# 911



## pdoyle2 (Sep 17, 2009)

my step sister bought a beta fish, I'm not sure which kind but she didn't have a tank, so she put him in Tupperware, the Tupperware dish is probably less than a cup, she over feeds it and I was wondering if I could put him in one of my tanks until I make her buy a tank. I have one tank with a goldfish (2 gal) and a biorb with 8 neon tetras in it(4 gal). Will he be safe in either of these?


----------



## daniel89 (Nov 28, 2009)

ugh thats a tough question, I have betta's and all the males have there own tanks which are like a gallon big, but id say stick him into a bigger bowl untill then?

fyi even a 5 dollar nice size vase will be better than a small container


----------



## pdoyle2 (Sep 17, 2009)

well I dont really have a bigger bowl... would he be ok in one of the previously mentioned tanks for a day or two?


----------



## Guest (Dec 27, 2009)

i responded this in your other topic:
Ehm, how big is the tank? beta's are aggressive fish no matter how pretty they are.
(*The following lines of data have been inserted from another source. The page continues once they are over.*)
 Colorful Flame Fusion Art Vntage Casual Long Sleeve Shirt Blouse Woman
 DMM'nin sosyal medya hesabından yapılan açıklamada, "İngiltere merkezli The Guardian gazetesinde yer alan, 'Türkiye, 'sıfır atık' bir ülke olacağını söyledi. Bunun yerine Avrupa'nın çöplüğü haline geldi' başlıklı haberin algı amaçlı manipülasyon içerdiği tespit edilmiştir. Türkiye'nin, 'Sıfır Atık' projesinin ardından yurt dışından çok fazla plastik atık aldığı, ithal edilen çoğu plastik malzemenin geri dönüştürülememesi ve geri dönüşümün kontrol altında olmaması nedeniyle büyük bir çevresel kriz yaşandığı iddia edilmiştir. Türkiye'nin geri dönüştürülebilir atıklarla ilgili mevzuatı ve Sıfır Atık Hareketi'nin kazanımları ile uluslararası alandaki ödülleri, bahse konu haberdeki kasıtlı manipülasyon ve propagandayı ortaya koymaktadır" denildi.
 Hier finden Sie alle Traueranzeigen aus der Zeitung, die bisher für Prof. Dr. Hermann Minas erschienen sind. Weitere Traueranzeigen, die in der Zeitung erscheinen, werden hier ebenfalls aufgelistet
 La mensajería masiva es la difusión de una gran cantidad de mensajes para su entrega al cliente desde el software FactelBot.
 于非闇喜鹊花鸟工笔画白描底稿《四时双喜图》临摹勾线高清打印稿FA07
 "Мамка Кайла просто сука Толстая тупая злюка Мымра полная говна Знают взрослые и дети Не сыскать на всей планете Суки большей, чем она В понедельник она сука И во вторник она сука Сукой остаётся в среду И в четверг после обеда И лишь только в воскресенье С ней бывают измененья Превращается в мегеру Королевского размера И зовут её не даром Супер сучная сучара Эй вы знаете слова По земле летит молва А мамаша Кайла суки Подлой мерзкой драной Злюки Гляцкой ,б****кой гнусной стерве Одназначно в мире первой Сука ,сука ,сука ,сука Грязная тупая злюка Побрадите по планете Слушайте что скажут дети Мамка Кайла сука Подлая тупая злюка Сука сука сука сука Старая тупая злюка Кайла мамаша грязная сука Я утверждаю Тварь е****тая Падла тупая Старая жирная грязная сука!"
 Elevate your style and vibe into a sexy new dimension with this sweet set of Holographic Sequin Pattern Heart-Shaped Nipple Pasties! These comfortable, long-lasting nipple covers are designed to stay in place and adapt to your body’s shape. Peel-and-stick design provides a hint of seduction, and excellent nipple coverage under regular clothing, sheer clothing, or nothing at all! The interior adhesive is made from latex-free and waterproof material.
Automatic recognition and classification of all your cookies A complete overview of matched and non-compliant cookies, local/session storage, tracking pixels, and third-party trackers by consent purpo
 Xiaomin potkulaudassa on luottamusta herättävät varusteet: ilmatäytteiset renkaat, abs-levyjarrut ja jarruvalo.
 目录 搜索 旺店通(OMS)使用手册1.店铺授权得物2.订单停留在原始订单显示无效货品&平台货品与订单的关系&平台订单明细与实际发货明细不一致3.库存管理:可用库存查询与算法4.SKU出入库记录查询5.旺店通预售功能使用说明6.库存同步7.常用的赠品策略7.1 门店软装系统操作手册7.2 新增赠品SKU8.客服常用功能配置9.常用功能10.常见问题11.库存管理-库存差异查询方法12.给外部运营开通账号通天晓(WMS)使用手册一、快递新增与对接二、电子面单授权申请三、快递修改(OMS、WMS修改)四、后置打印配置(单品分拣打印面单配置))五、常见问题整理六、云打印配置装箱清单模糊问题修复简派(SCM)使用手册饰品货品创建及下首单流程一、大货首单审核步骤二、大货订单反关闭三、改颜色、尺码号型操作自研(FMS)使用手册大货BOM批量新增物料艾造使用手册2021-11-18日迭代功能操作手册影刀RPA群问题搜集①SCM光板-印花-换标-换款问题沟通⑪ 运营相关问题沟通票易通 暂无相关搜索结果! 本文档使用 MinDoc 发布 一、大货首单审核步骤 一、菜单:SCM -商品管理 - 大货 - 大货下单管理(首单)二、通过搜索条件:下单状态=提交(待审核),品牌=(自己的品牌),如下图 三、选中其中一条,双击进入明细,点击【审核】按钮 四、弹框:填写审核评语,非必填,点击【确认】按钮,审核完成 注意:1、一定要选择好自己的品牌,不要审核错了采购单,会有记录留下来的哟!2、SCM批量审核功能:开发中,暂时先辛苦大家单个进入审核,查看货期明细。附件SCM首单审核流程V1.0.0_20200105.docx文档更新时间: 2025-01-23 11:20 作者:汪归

You just have to decide if you care more about your sister's beta or your tetra's I think..

They can survive in cups, that's how many pet stores hold them, but at least the local one here uses bag buddies to up the O2 saturation and slow the fish's respiration.

If you have any buckets that haven't been used for chemicals, like perhaps one you have just for you fish for water changes?


----------



## emc7 (Jul 23, 2005)

change water 2x a day if its in a little cup. You could also use a bigger bowl (like a mixing bowl) or large gladware or tupperware container.


----------



## daniel89 (Nov 28, 2009)

bettas shouldnt be mixed with goldfish. bettas are tropical fish and goldfish are cold water. and ive been told that neons like to bite bettas tails, so also not a good idea. if you could find something that is about a gallon (a big tupperwear would be fine), the betta will be fine. but if you have to keep it in something small like a cup, you need to do water changes every day.

-christina


----------